Lionel Bart’s show, set in war-torn London, is full of both pathos and comedy, and follows the story of two families, one Jewish and one Gentile, who have adjacent stalls in Petticoat Lane market. Julie Waite, gives a truly amazing portrayal of a Jewish matriach, Mrs. Blitztein. Not only is Julie a superb actress, but also shows what a fine singing voice she has with such songs as So Tell Me and Bake a Cake. Her nemesis, fellow stallholder, Alfred Locke, is played by local G.P. Tim Kimber, who proves once again his versatility and talent, as does Bruce Stewart , cast as his pal, Ernie Nearmiss, an old contemptable with a penchant for “putting his foot in it”. Effortless Cockney accents add to the reality of the show.

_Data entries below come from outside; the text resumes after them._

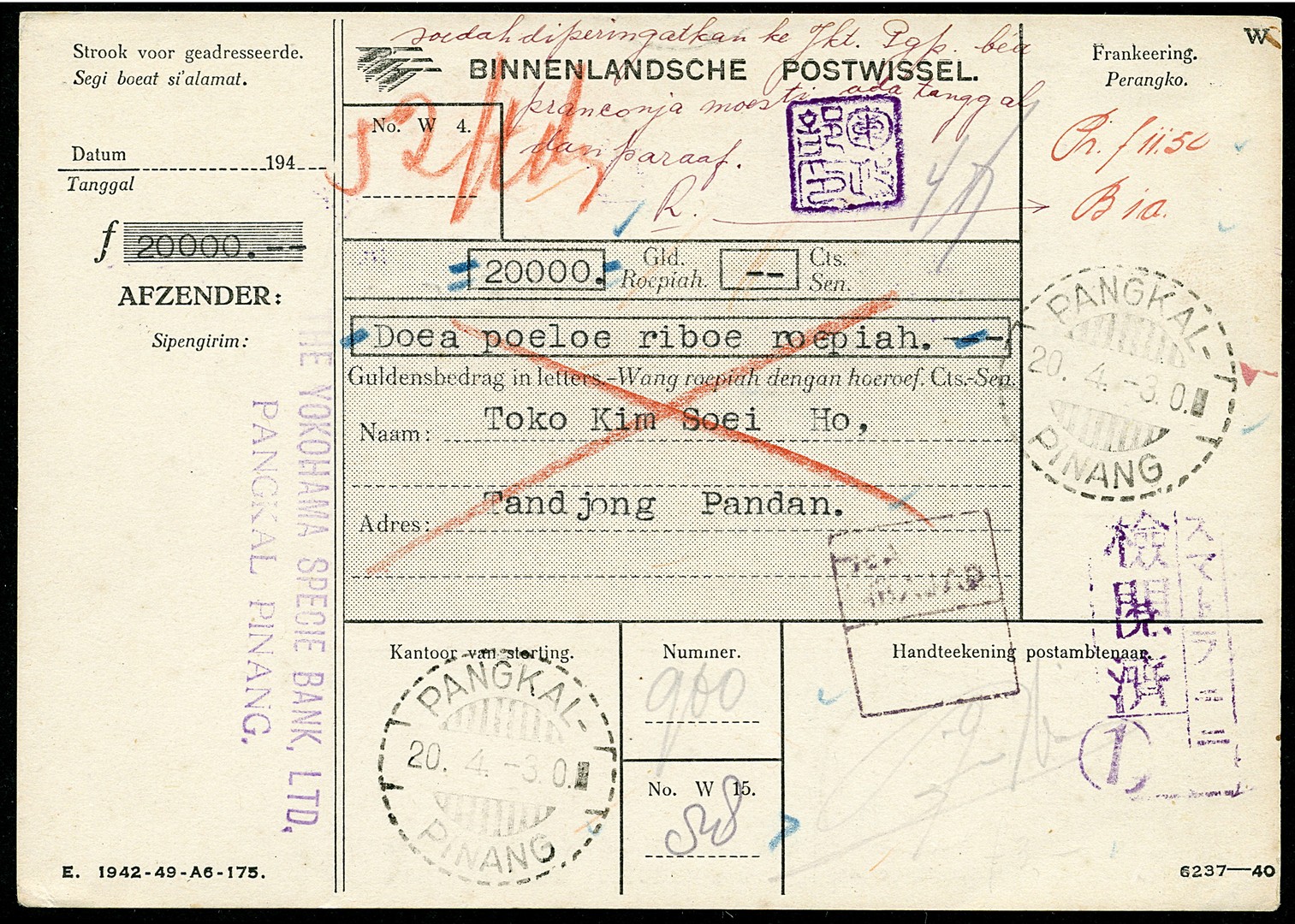 Banka. Written postage paid 'ƒ 11.50 / B.i.a.' and cachet 'BEA / BAJAR' (Bu. JB3) on complete M.O. Bu.JF1a showing violet overprint for Banka and Billiton 70v from Pangkal- / Pinang 20.4.-3.0 to Tandjongpandan 20.5.2. Written 'soedah diperingatkan ke Jkt. Pgp. bea pranconja moesti ada tanggal dan paraaf' (Jakarta has been informed already, costs and paraph must be written'. Censor Bu.JC15
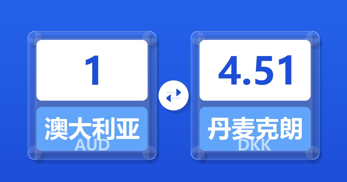 1 澳大利亚元 (AUD) = 4.50 丹麦克朗 (DKK)
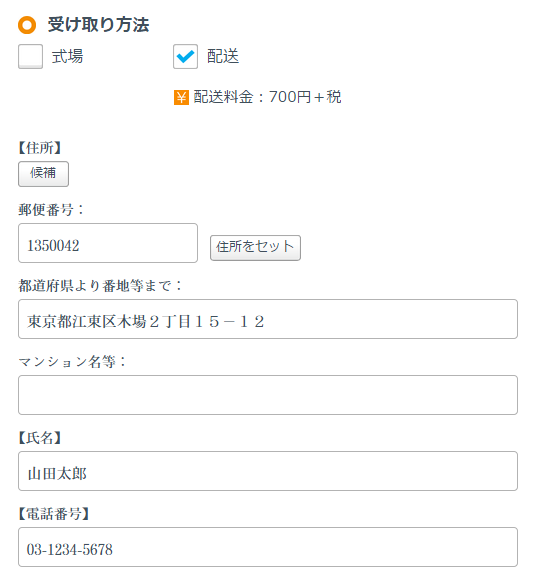 出来上がった商品(招待状)のお受け取り方法を選択してください。配送でのお受け取りをご希望の場合は「配送」にチェックしてお受け取り先の情報を入力してください。

Inevitably, the offspring of the Blitztein and Locke families fall in love. Sophie Shepherd, as Carol Blitztein, possesses a remarkable singing voice and acting ability, as does her young lover in the show, Georgie Locke, played by Luke Martin. I predict a bright future for both these youngsters, who hope to become professional entertainers.
A stalwart of the Society, Tony Baker, is in fine voice as Mrs. Blitztein’s wayward son, Harry, and charmed the audience with his interpretation of a loveable Cockney rogue. His long-suffering girlfriend, Elsie, (Liv Collins) also possesses a remarkable all-round talent, and stage presence.

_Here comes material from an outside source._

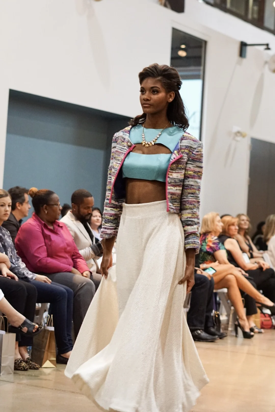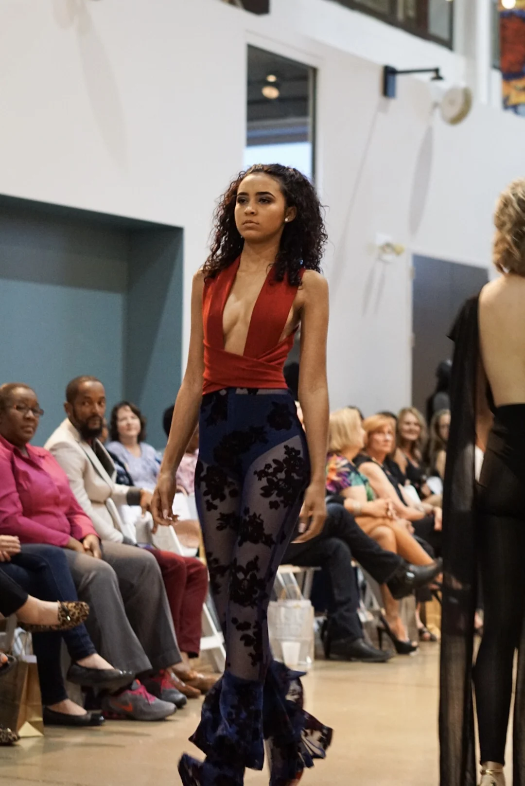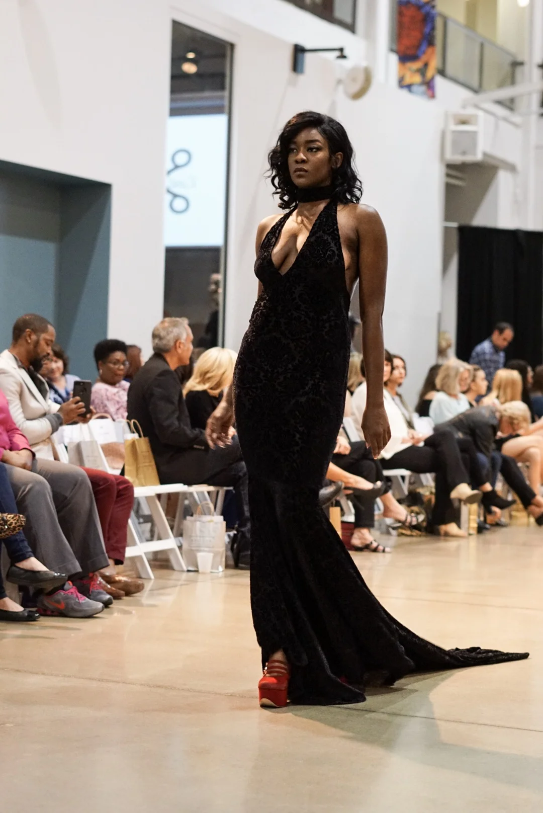 Another Romancing the Runway highlight was a stunning collection from local formal designer, Shaunice Williams. The crowd grew markedly silent as the first model appeared onstage, and continued to "ooh!" and "ahh!" with each new look. What was trending? Her collection featured deep jewel tones paired alongside sparking metallics and sheer sexy cutouts revealing just enough skin.

A poignant moment in the show is when the whole Company join in with a recording of Dame Vera Lynn singing The Day After Tomorrow.
The Society’s hardworking chorus barely leave the stage throughout the whole performance, and are in fine form, and mention must be given to the scene-stealing children, who are rermarkably well-rehearsed and gained well-deserved applause from the packed audience. There are lots of fine cameo roles given by Society members, too numerous to mention, who all add to the overwhelming success of this show.
Many congratulations to Director and Choreographer, Carolyn Bennett – what an achievement!Also, Musical Director, Daniel Paine, who led an accomplished band of musicians.
The whole Society combined to make Blitz!one of Littlehampton Musical Comedy Society’s greatest hits, and I am sure all members of the Society, as well as all the sell-out audiences, second Dame Vera Lynn’s personal message to the Society - “ I do wish you and your cast every success with your show. I wish you all the very best in the future and please keep performing because the theatre must not be shut down”.
The pantomime Cinderella is next of the LMCS impressive list of forthcoming productions, commencing Jan 14th, 2016.